- Jullah Majra Location in Punjab, India Jullah Majra Jullah Majra (India)
- Coordinates: 31°01′41″N 76°01′27″E﻿ / ﻿31.0280813°N 76.0241704°E
- Country: India
- State: Punjab
- District: Shaheed Bhagat Singh Nagar

Government
- • Type: Panchayat raj
- • Body: Gram panchayat
- Elevation: 254 m (833 ft)

Population (2011)
- • Total: 958
- Sex ratio 480/478 ♂/♀

Languages
- • Official: Punjabi
- Time zone: UTC+5:30 (IST)
- PIN: 144518
- Telephone code: 01823
- ISO 3166 code: IN-PB
- Post office: Garcha
- Website: nawanshahr.nic.in

= Jullah Majra =

Jullah Majra is a village in Shaheed Bhagat Singh Nagar district of Punjab State, India. It is located 16.7 km away from postal head office Garcha, 18 km from Nawanshahr, 9.2 km from district headquarter Shaheed Bhagat Singh Nagar and 99 km from state capital Chandigarh. The village is administrated by Sarpanch an elected representative of the village.

== Demography ==
As of 2011, Jullah Majra has a total number of 180 houses and population of 858 of which 480 include are males while 478 are females according to the report published by Census India in 2011. The literacy rate of Jullah Majra is 84.44%, higher than the state average of 75.84%. The population of children under the age of 6 years is 97 which is 10.13% of total population of Jullah Majra, and child sex ratio is approximately 980 as compared to Punjab state average of 846.

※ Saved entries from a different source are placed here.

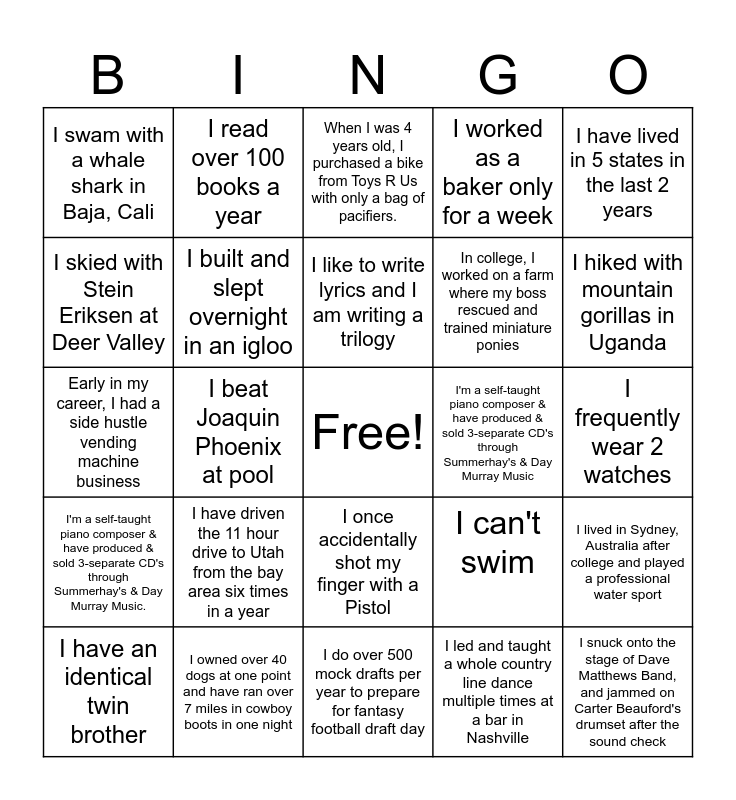This bingo card has a free space and 24 words: I have driven the 11 hour drive to Utah from the bay area six times in a year, I owned over 40 dogs at one point and have ran over 7 miles in cowboy boots in one night, I like to write lyrics and I am writing a trilogy, I have an identical twin brother, I have lived in 5 states in the last 2 years, I swam with a whale shark in Baja, Cali, I skied with Stein Eriksen at Deer Valley, I read over 100 books a year, I'm a self-taught piano composer & have produced & sold 3-separate CD's through Summerhay's & Day Murray Music, I once accidentally shot my finger with a Pistol, In college, I worked on a farm where my boss rescued and trained miniature ponies, Early in my career, I had a side hustle vending machine business, I can't swim, I lived in Sydney, Australia after college and played a professional water sport, I built and slept overnight in an igloo, I led and taught a whole country line dance multiple times at a bar in Nashville, I frequently wear 2 watches, When I was 4 years old, I purchased a bike from Toys R Us with only a bag of pacifiers., I hiked with mountain gorillas in Uganda, I beat Joaquin Phoenix at pool, I snuck onto the stage of Dave Matthews Band, and jammed on Carter Beauford's drumset after the sound check, I'm a self-taught piano composer & have produced & sold 3-separate CD's through Summerhay's & Day Murray Music., I worked as a baker only for a week and I do over 500 mock drafts per year to prepare for fantasy football draft day.
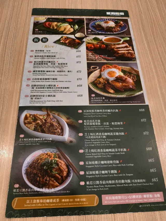 曾經聽朋友講過呢間啲叻沙好出名,咁啱呢晚行開就黎試試。餐廳感覺舒服地方寬敞坐得好舒適。雖然呢日天氣突然好惡劣,因為食得好開心,所以完全冇影響心情。呢間餐廳嘅嘢食真係好好食👍🏻性價比好高。滿堂椰槳飯豬頸肉大口感、豬扒香口、花生香脆、魚仔惹味、腩肉入味所有調味都剛剛好,配合埋煎蛋,非常豐富澎湃,飽肚之選招牌8安士厚切豬扒飯豬扒非常厚實香脆,配埋蔬菜、特色醬汁真係一口氣清碟,美中不足係豬扒燶咗少少,有少許硬感覺。檸檬草雞肉叻沙+摻摻呢個真係大贊👍🏻湯底有點酸加椰香味道非常特別,配料魚蛋豆腐卜,非常入味,面層係粗麵、底層係類似粉絲嘅米粉,有芽菜。所有嘢配合得非常完美。呢間餐廳我絕對會再次食
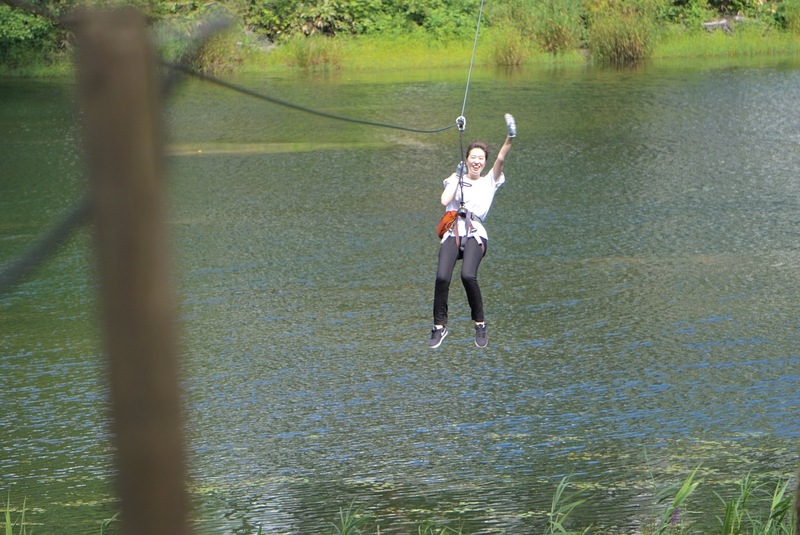 湖の上を滑空するジップスライドならではの高さと開放感が心地よく、風を切って進むスピード感はまるで空を飛んでいるかのような感覚です。高さや開放感を味わいたい方、初心者や体力に自信のない方でもチャレンジでき、所要時間も他のコースに比べると短いので、気軽に楽しんでいただけます。
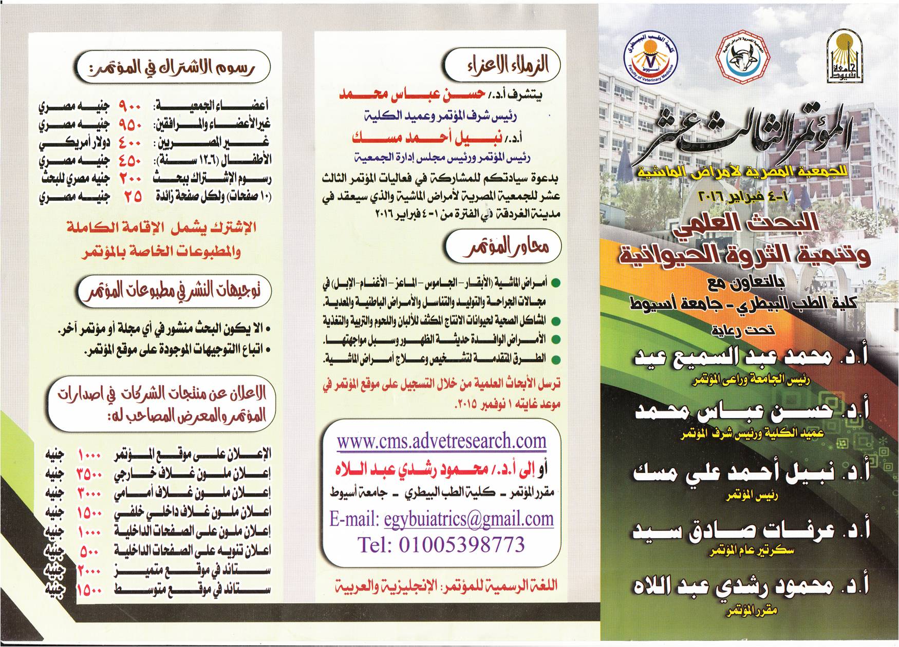 المؤتمر الثالث عشر للجمعية المصرية لأمراض الماشية بالتعاون مع كلية الطب البيطرى جامعة أسيوط 2 ديسمبر 2015 المؤتمر الثالث عشر للجمعية المصرية لأمراض الماشية بالتعاون مع كلية الطب البيطرى جامعة أسيوط
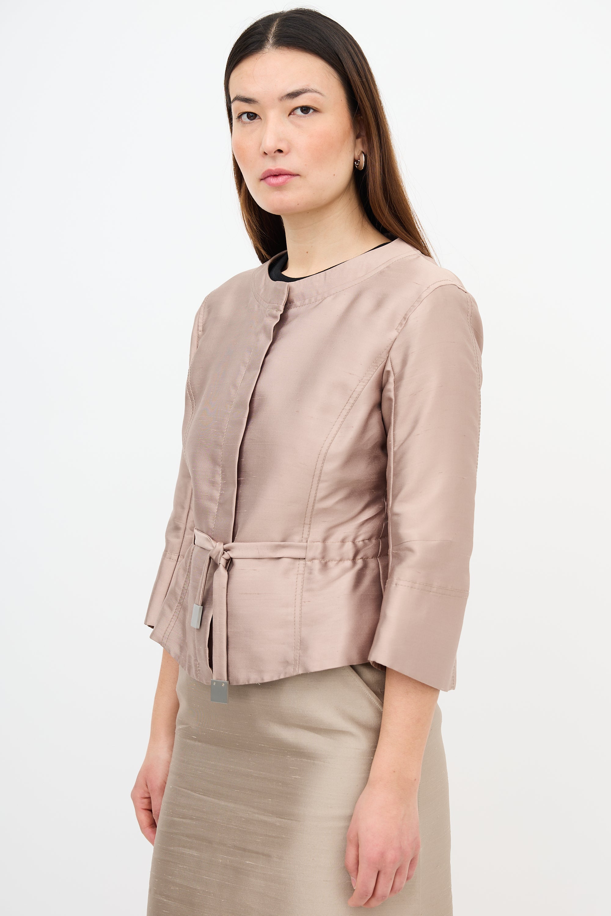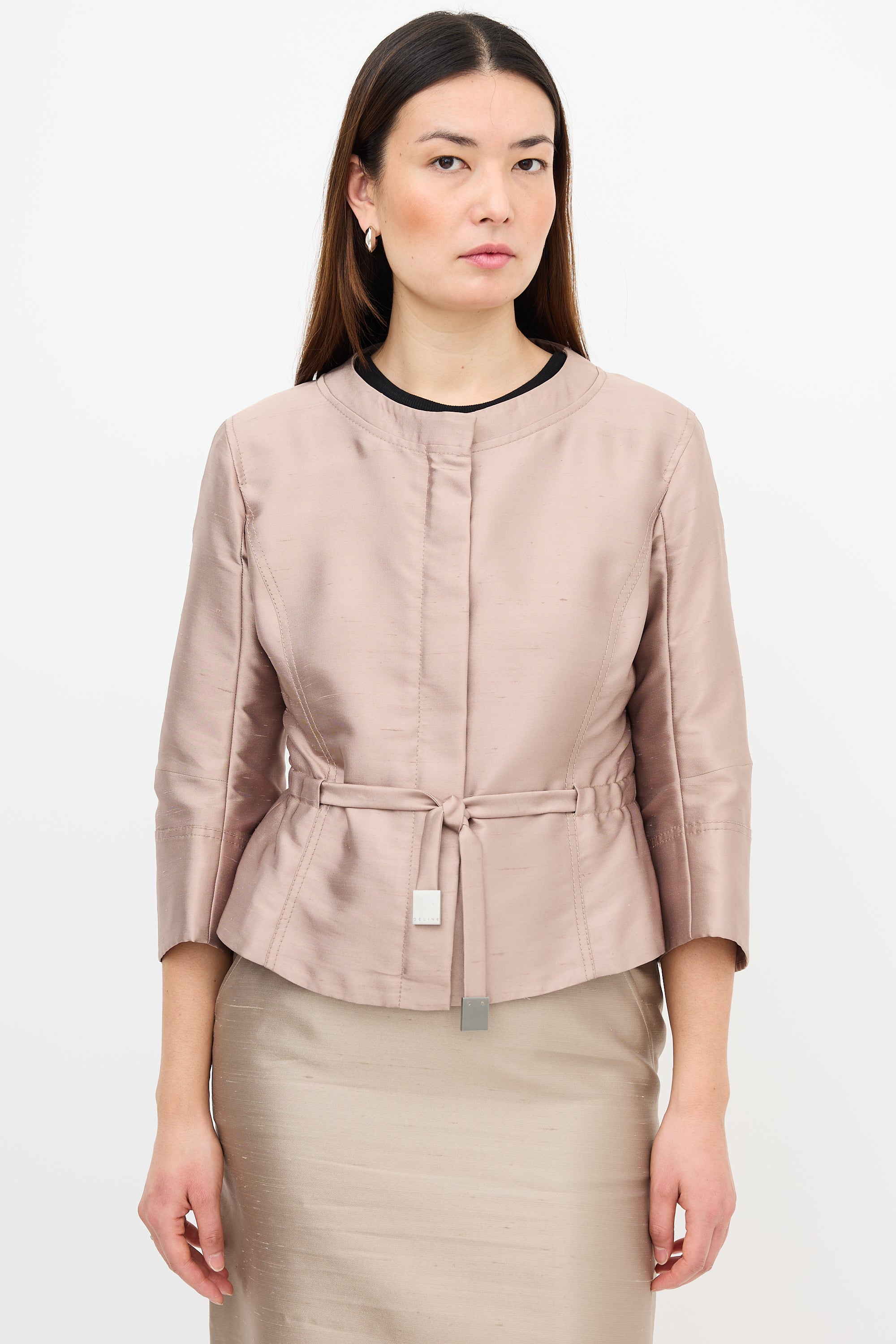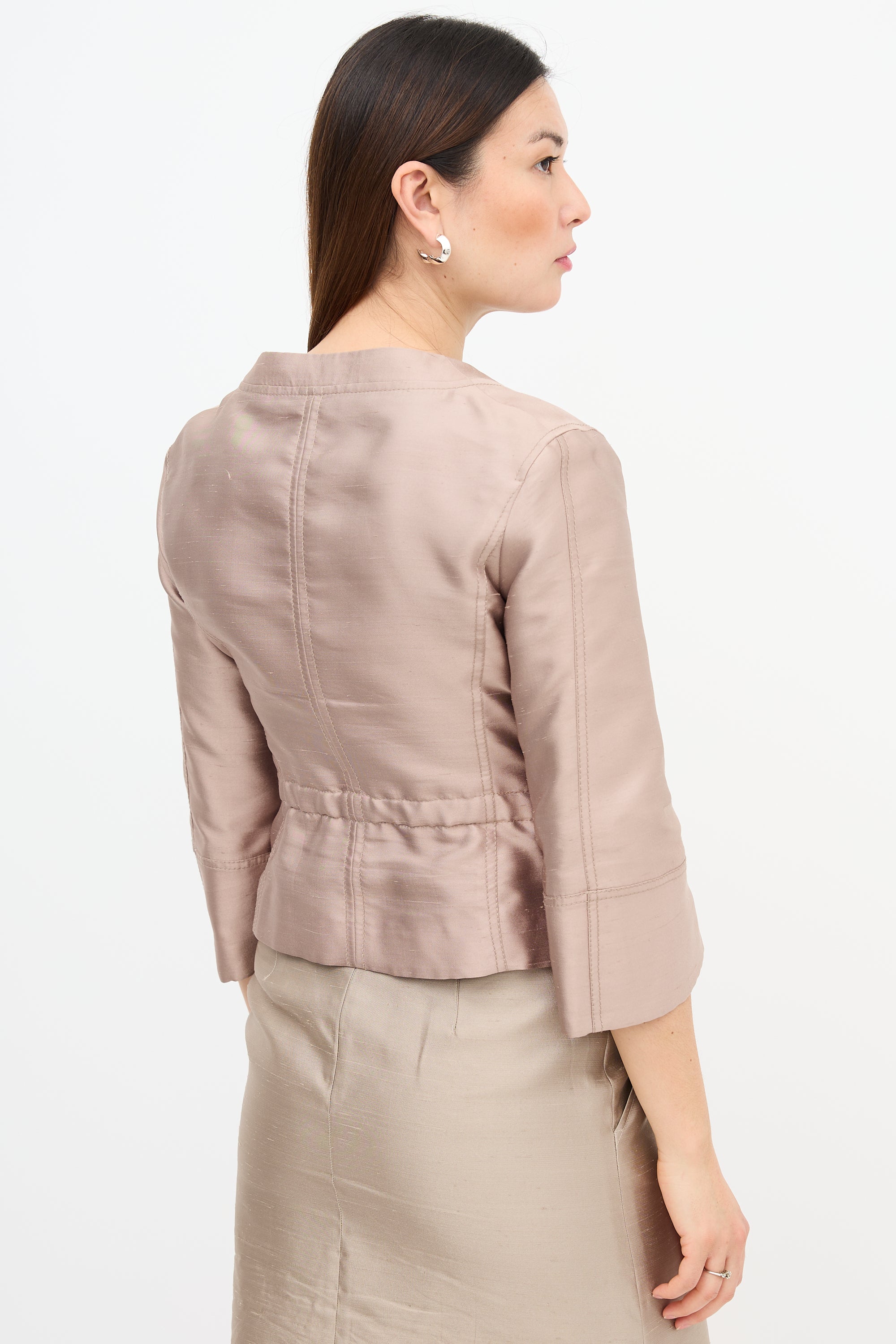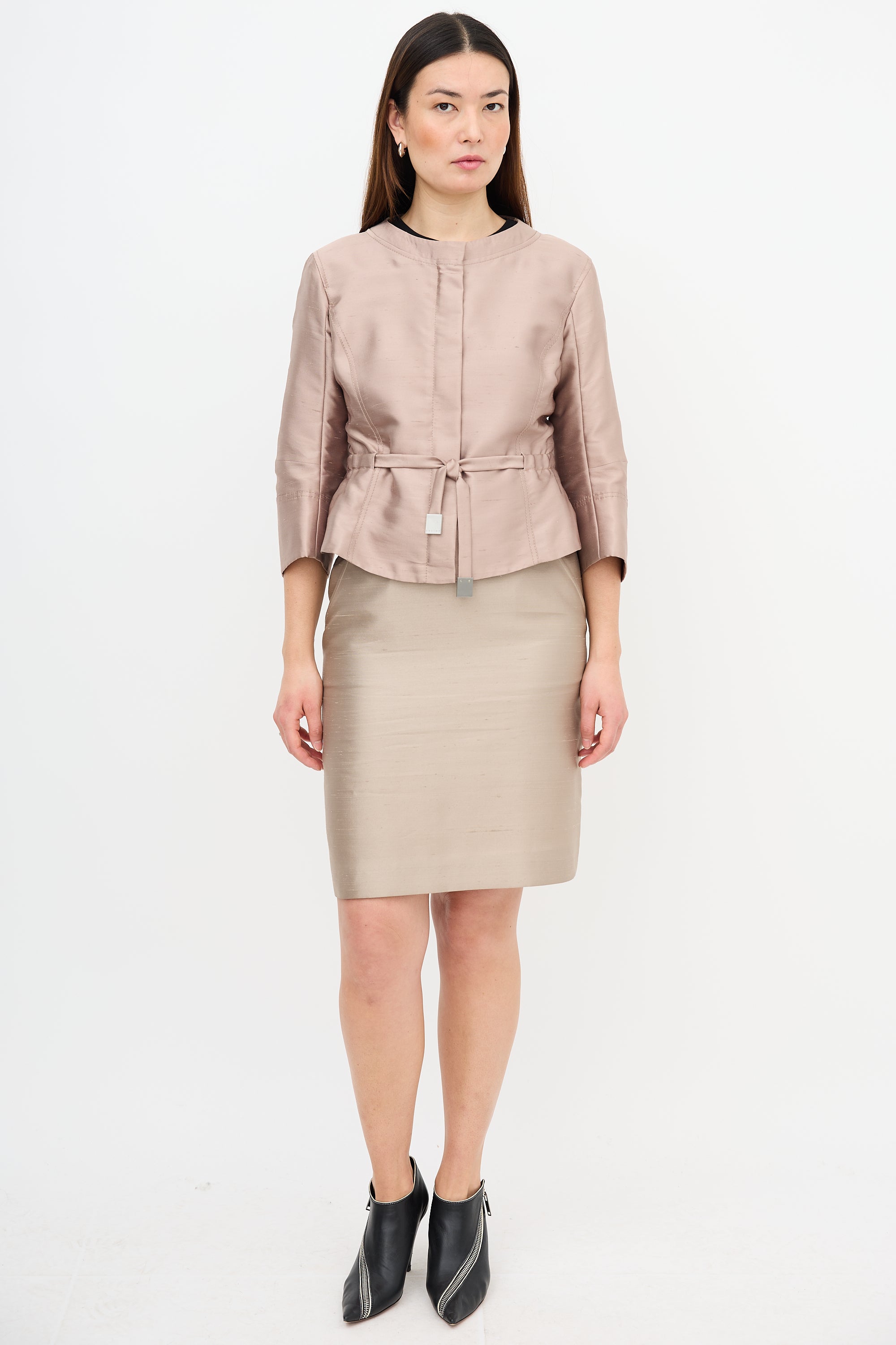 Pre-owned Celine brown silk jacket featuring a round neckline, silver tone hardware, zip up front with Triomphe logo charm, three quarter length sleeves, and a drawstring waist with logo hardware at ends. Matching skirt with back zip closure with hook fastening, two slash pockets at hip, and belted waist with silver tone square logo buckle. Lined.

Most of the people are from Schedule Caste which constitutes 59.08% of total population in Jullah Majra. The town does not have any Schedule Tribe population so far.

As per the report published by Census India in 2011, 393 people were engaged in work activities out of the total population of Jullah Majra which includes 279 males and 114 females. According to census survey report 2011, 64.63% workers describe their work as main work and 35.37% workers are involved in Marginal activity providing livelihood for less than 6 months.

== Education ==
KC Engineering College and Doaba Khalsa Trust Group Of Institutions are the nearest colleges. Industrial Training Institute for women (ITI Nawanshahr) is 24 km. The village is 75 km away from Chandigarh University, 58 km from Indian Institute of Technology and 53 km away from Lovely Professional University.

List of schools nearby:
- K.C. Public School, Nawanshahr
- GSSS Haila, Haila
- Baba Karam Singh Public School, Daulatpur
- U.K. Model High School, Langroya

== Transport ==
Banga railway station is the nearest train station however, Phagwara Junction railway station is 29.5 km away from the village. Sahnewal Airport is the nearest domestic airport which located 57 km away in Ludhiana and the nearest international airport is located in Chandigarh also Sri Guru Ram Dass Jee International Airport is the second nearest airport which is 161 km away in Amritsar.